US president Barack Obama, on the other hand, is putting his weight behind the Clean Energy Jobs and American Power Act (Boxer-Kerry bill), which passed through the House of Representatives in June by a tiny margin of 219-212. The bill was to enter the Senate in July but is facing heavy opposition by the oil industry, led by the American Petroleum Institute, whose intent is to bury the bill.

The EU, which is responsible for 14 per cent of the world’s emissions, thinks the answer lies not in pushing harder for member states to reach their reduction targets, but in throwing money at the problem. The EU summit has agreed to pay 7 billion euro a year for three years to developing nations as part of a global climate deal – but the contributions are voluntary, meaning that they may not be made at all.

Gordon Brown, trying to paint himself as a climate champion, said Europe is leading the way in “making these bold proposals”. But, as many nations devastated by natural disasters discovered, aid pledges are one thing, actually getting the money is quite another matter. And during an economic downturn, where will the money come from?

Brown’s government had the opportunity to show its commitment to shifting to a renewable energy source when the owners of the Vestas factory, the only one in the UK producing wind turbine blades, threatened to shut it down. The 600 workers facing redundancy led a militant fightback, occupying the factory not just for their jobs but for the environment. When faced with the workers’ demand for nationalisation, Energy and Climate Secretary Ed Miliband just said “no”.

The need for a plan

Needless to say, the 7 billion euro promised to combat climate change is a paltry sum compared to the £1.3 trillion that Brown threw down the black hole of the bank bailouts. But throwing money at the problem isn’t going to work. What is needed is conscious restructuring – a planned shift away from carbon-intensive production and transport to a low-carbon society. This has to be done on an international scale with a level of political commitment that is completely lacking today.

Even the Committee on Climate Change, led by Lord Adair Turner, who is also chair of the Financial Services Authority, agrees this will not happen without a major change in policies – “which must entail a switch away from reliance on market forces to encourage investment in low-carbon technology”.

There are organisations that argue that the global recession provides an opportunity to curb climate change and build a low-carbon future.
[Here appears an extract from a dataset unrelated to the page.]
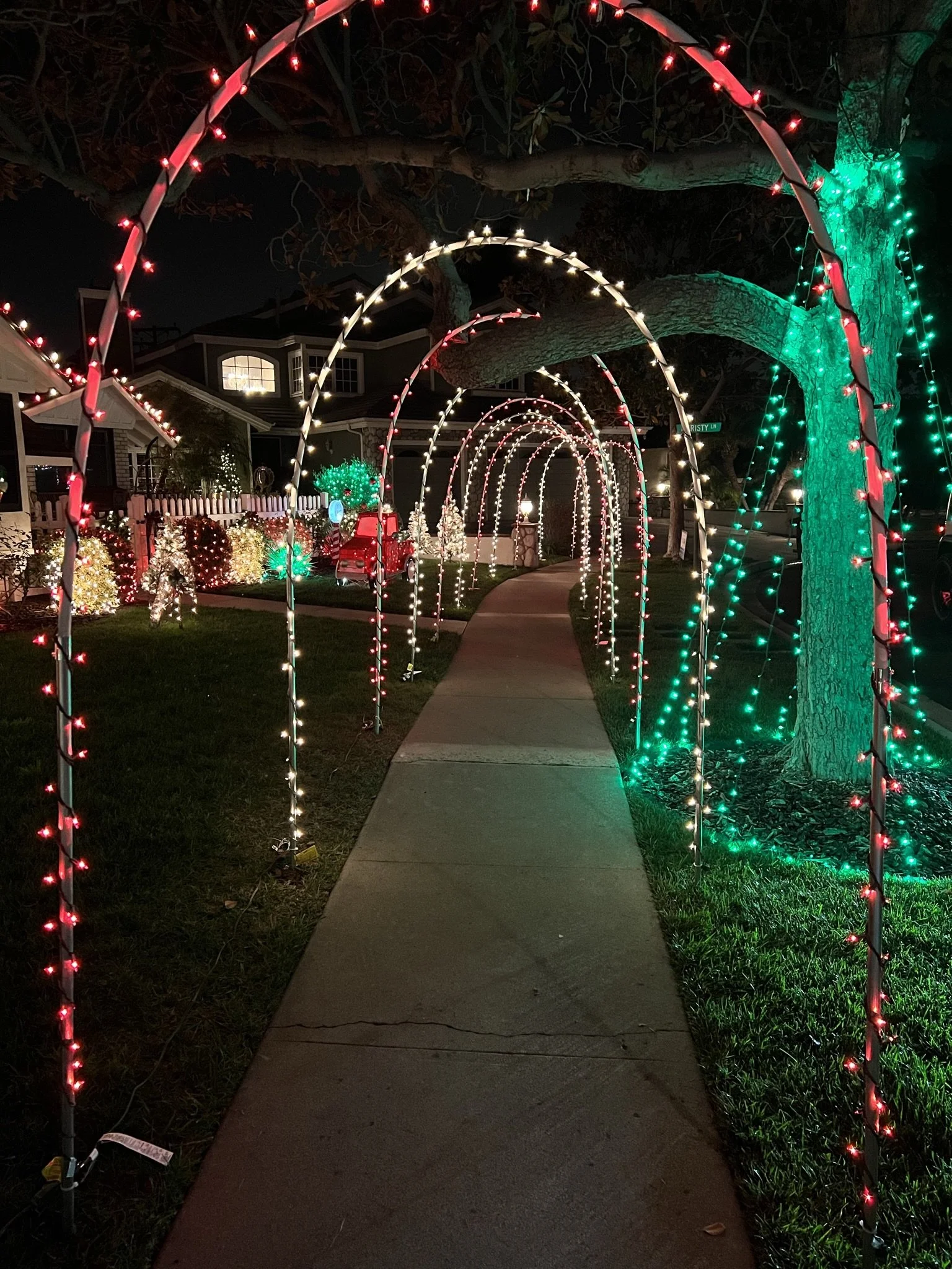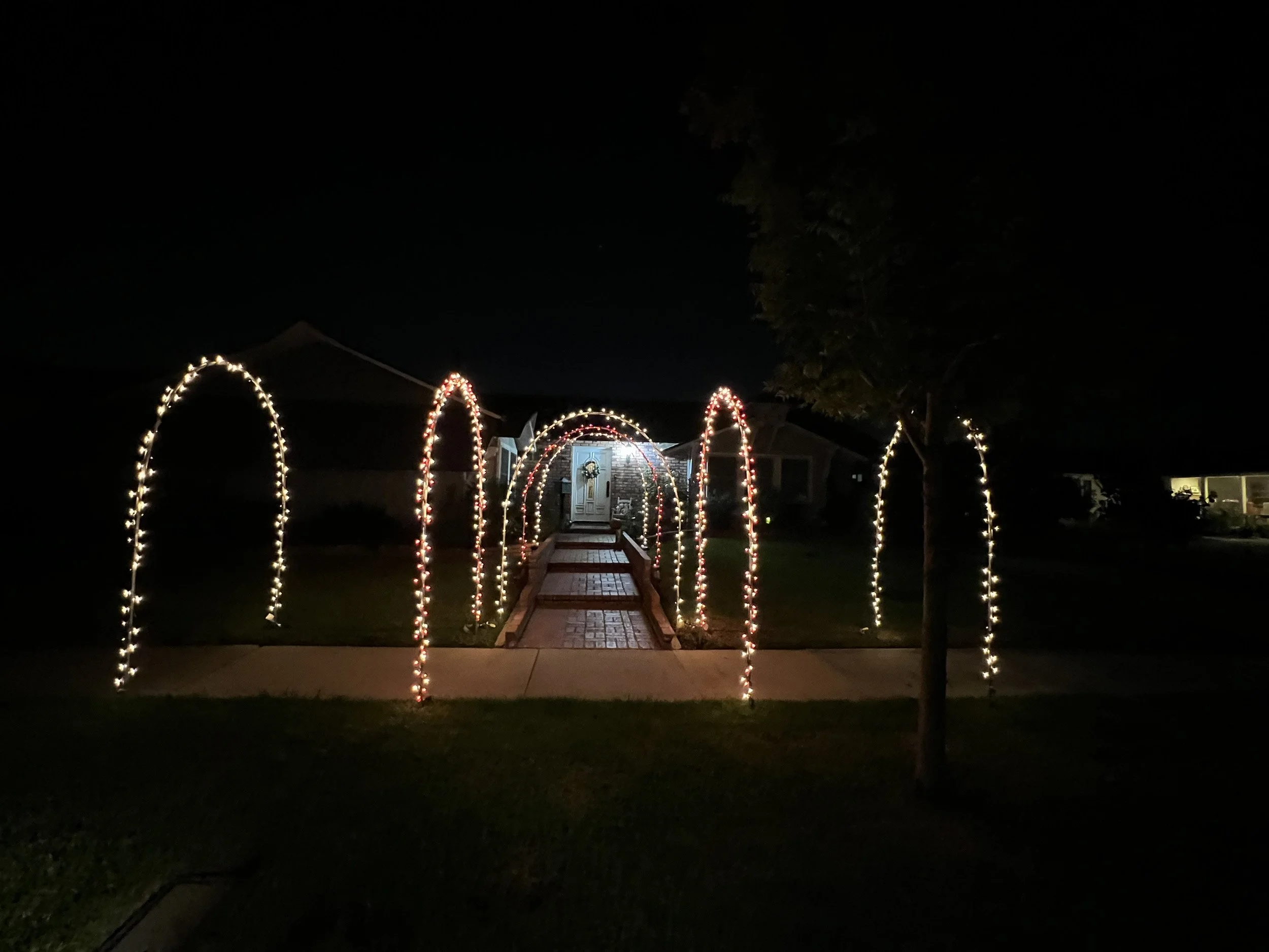 Brighten up your holiday decor with our Candy Cane Christmas Archways! Featuring red and white alternating lights, each archway is $72, including materials and installation. Perfect for a festive touch!

The International Energy Agency (IEA) calculates that global greenhouse gas emissions will fall by 3 per cent this year – an increase on previous estimates.

During a recession, production levels – and therefore emissions – drop as factories shut down, trade drops and shipping decreases. But the recession also has a massive impact on the quality of people’s lives as they are thrown on the dole and forced into poverty.

That’s what so crucial about the socialist answer. There is after all a simple reason for two decades of climate talk failure: the near-universal refusal of world governments to do anything that might undermine the profits and vested interests of big capital.

And that’s why socialists want to take profit out of the equation by fighting for the nationalisation of these corporate giants under workers control and taxing the rich to fund a massive expansion in renewable energy. But until we’ve got rid of the profit system once and for all, we will never be realise sustainable and equitable development – we need socialist, democratic planning to guarantee the lives of future generations.